Jan 15, 2016 03:10 PM EST

Money Monster is a film that will be released at the time when the blockbuster summer season will begin, and it is directed by Jodie Foster and reunites George Clooney and Julia Roberts.  Clooney plays a host of a TV show who is taken hostage while still on the air, and Roberts is the producer attempting to handle the situation as best as she can.  It is a set-up for a decent dramatic film, and this is what is known about Money Monster, release date, and whether or not this film can really succeed.

There is already a trailer for the film that can be seen below, and it shows that there is a hostage situation with Julia Roberts asking that anyone who can leave should leave.  Then the trailer flashes the "2 Hours Earlier" text, and this is a very common and really overused opening to a modern-day suspense movie. 

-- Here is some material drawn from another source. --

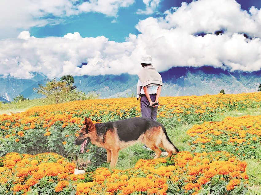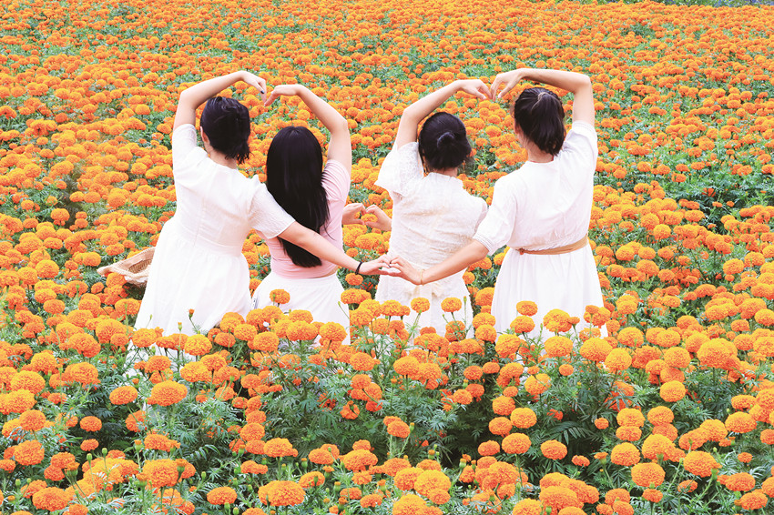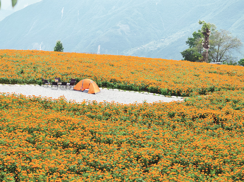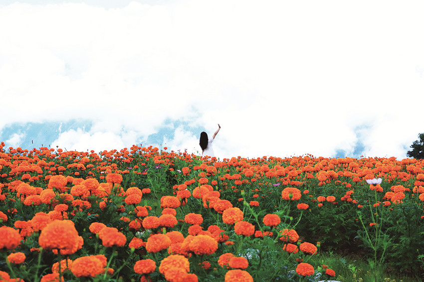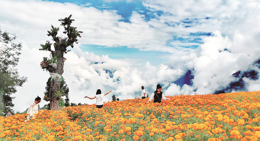 在這金風(fēng)送爽的秋日,瀘定德威加郡海子村18萬株萬壽菊競相綻放,漫步在花海之中,人們可以感受秋風(fēng)的輕撫,呼吸清新的空氣,寧靜的村寨依托著貢嘎雪山、藍(lán)天白云,在成片的萬壽菊裝點(diǎn)下構(gòu)成了一幅亮麗的鄉(xiāng)村畫卷。

From there, Clooney's character of Lee Gates is introduced as some financial commentator similar to that of Jim Cramer on CNBC.  Robert's character, Patty Fenn, keeps Clooney's show going, but they have creative differences as to how it should be run. 

During the filming of a fateful episode, a man named Kyle Budwell (Jack O'Connell, star of last year's Unbroken) bursts onto the set with a gun and exploding vest.  Budwell puts the jacket on Gates, claiming that he can explode it if his thumb leaves a detonator that he holds in his hand.  Budwell then makes some demands for the corporate rich people that apparently took his own finances. 

Even though it looks like this film feels very suspenseful, and Jodie Foster has some directing experience, it is not likely that this film will really succeed.  The issue is that this trailer feels like a by-the-numbers hostage situation, which has been done many times before in movies and television. Even the beginning of the trailer with the "2 Hours Earlier" is an overdone device made to get the audience's attention. 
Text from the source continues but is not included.